**To do:**
Your job here is to restate every record exactly, pictures excluded.

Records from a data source
★ ★ ★ ★ ★ ★ ★
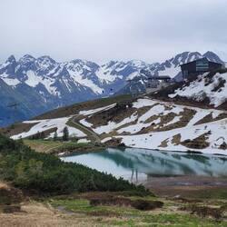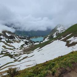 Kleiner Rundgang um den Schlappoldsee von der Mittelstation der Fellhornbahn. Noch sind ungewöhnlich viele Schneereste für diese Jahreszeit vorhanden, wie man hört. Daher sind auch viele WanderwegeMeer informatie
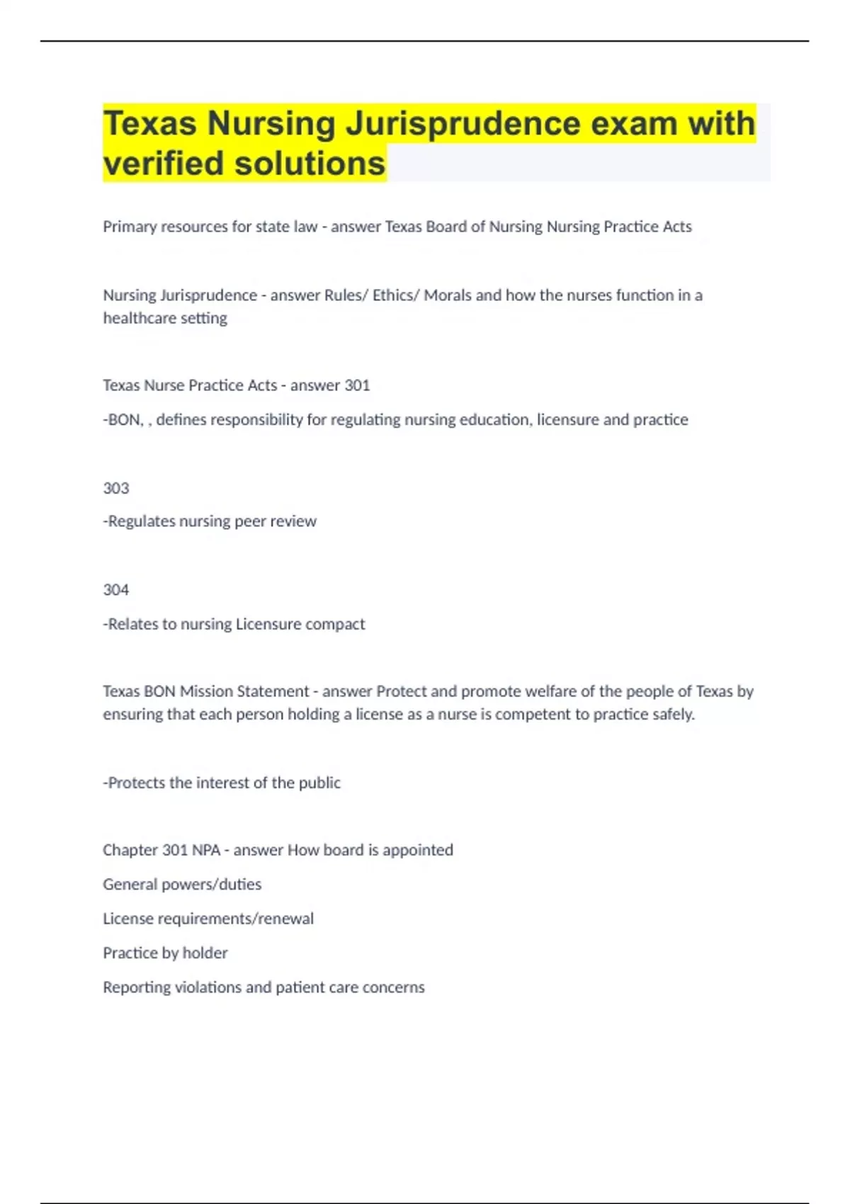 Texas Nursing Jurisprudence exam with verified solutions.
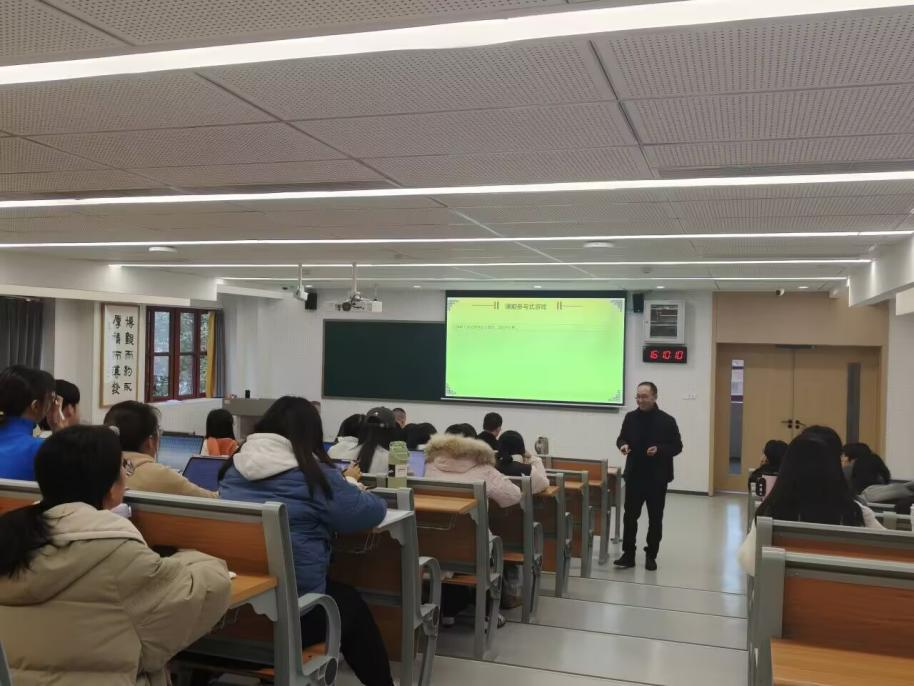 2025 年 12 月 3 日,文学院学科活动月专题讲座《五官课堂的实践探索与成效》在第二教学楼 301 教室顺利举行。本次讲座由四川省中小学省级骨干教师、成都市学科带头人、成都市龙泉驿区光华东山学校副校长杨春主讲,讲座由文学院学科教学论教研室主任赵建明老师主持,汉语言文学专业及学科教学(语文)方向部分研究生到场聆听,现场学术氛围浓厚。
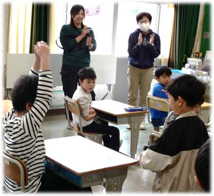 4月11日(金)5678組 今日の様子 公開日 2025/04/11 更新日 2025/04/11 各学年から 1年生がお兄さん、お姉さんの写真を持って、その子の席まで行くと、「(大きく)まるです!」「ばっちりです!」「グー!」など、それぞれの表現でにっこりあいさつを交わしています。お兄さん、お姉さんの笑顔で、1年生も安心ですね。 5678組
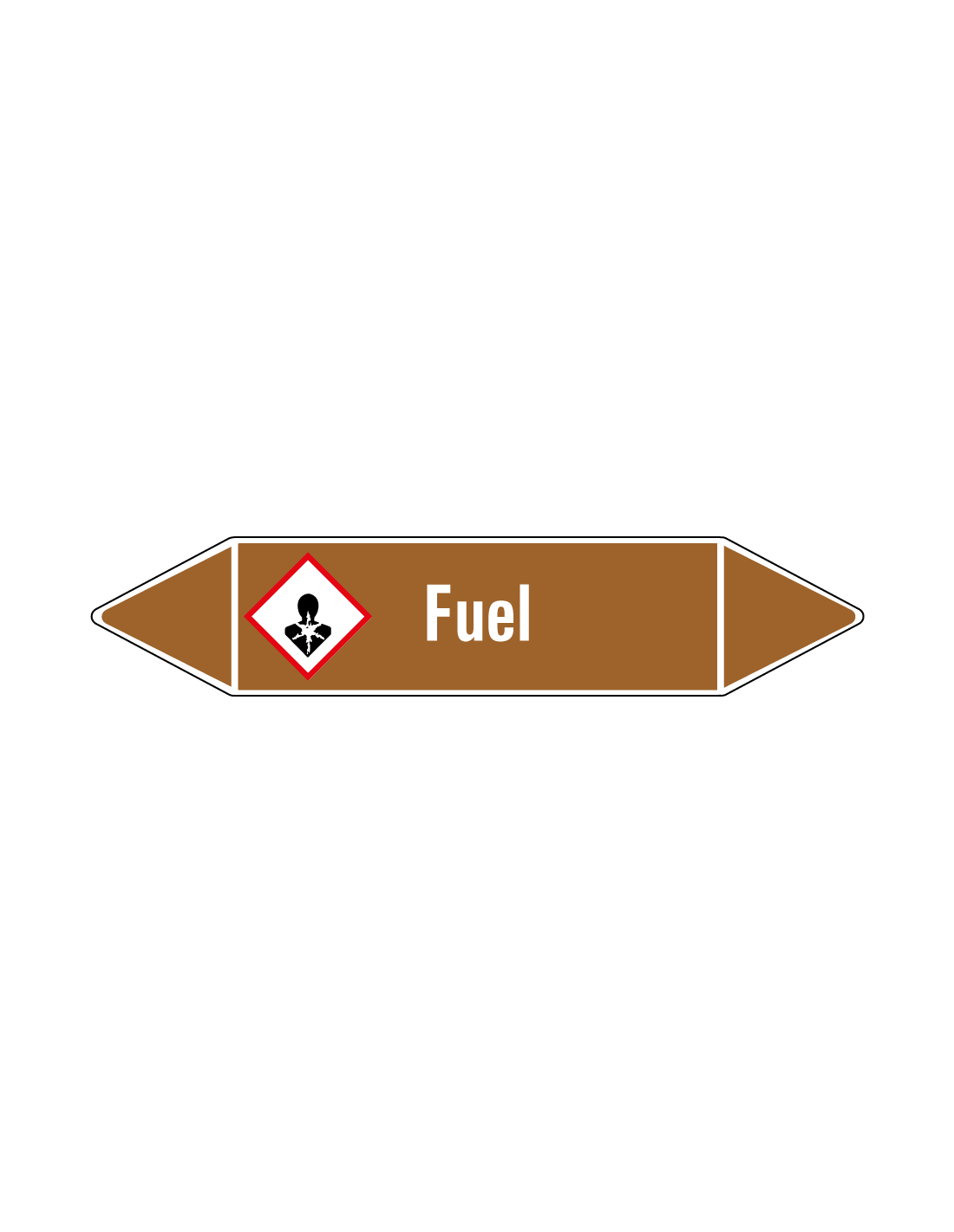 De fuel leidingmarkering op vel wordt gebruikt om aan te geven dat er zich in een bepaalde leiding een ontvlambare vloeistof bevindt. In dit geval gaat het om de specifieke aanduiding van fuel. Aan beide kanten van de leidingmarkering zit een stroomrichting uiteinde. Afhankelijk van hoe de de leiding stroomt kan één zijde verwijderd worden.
★ ★ ★ ★ ★ ★ ★
**Task answer:**
 Kleiner Rundgang um den Schlappoldsee von der Mittelstation der Fellhornbahn. Noch sind ungewöhnlich viele Schneereste für diese Jahreszeit vorhanden, wie man hört. Daher sind auch viele WanderwegeMeer informatie
 Texas Nursing Jurisprudence exam with verified solutions.
 2025 年 12 月 3 日,文学院学科活动月专题讲座《五官课堂的实践探索与成效》在第二教学楼 301 教室顺利举行。本次讲座由四川省中小学省级骨干教师、成都市学科带头人、成都市龙泉驿区光华东山学校副校长杨春主讲,讲座由文学院学科教学论教研室主任赵建明老师主持,汉语言文学专业及学科教学(语文)方向部分研究生到场聆听,现场学术氛围浓厚。
 4月11日(金)5678組 今日の様子 公開日 2025/04/11 更新日 2025/04/11 各学年から 1年生がお兄さん、お姉さんの写真を持って、その子の席まで行くと、「(大きく)まるです!」「ばっちりです!」「グー!」など、それぞれの表現でにっこりあいさつを交わしています。お兄さん、お姉さんの笑顔で、1年生も安心ですね。 5678組
 De fuel leidingmarkering op vel wordt gebruikt om aan te geven dat er zich in een bepaalde leiding een ontvlambare vloeistof bevindt. In dit geval gaat het om de specifieke aanduiding van fuel. Aan beide kanten van de leidingmarkering zit een stroomrichting uiteinde. Afhankelijk van hoe de de leiding stroomt kan één zijde verwijderd worden.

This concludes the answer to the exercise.